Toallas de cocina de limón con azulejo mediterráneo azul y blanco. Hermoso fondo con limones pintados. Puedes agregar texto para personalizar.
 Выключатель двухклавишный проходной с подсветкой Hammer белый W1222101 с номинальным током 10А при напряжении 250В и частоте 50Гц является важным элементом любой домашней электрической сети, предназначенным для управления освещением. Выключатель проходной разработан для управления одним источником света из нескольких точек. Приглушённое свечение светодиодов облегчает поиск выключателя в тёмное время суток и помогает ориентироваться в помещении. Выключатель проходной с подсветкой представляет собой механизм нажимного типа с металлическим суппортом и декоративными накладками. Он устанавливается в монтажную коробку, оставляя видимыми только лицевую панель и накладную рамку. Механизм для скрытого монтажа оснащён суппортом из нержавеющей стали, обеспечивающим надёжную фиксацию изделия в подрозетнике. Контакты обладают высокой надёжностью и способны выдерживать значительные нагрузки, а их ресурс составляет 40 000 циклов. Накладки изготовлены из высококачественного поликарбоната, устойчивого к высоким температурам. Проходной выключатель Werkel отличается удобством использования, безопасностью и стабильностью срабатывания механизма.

---

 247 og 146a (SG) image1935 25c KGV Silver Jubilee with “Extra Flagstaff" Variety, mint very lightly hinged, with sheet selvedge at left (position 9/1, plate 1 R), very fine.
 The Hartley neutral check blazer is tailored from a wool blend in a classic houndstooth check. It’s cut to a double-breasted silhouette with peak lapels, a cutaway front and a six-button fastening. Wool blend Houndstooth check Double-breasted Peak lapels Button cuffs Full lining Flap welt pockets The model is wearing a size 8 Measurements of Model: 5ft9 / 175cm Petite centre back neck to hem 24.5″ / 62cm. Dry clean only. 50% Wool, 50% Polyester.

WORK REQUEST —
Show each line of the material where the word "with" occurs.

RESULT OF THE EXERCISE —
 247 og 146a (SG) image1935 25c KGV Silver Jubilee with “Extra Flagstaff" Variety, mint very lightly hinged, with sheet selvedge at left (position 9/1, plate 1 R), very fine.
 The Hartley neutral check blazer is tailored from a wool blend in a classic houndstooth check. It’s cut to a double-breasted silhouette with peak lapels, a cutaway front and a six-button fastening. Wool blend Houndstooth check Double-breasted Peak lapels Button cuffs Full lining Flap welt pockets The model is wearing a size 8 Measurements of Model: 5ft9 / 175cm Petite centre back neck to hem 24.5″ / 62cm. Dry clean only. 50% Wool, 50% Polyester.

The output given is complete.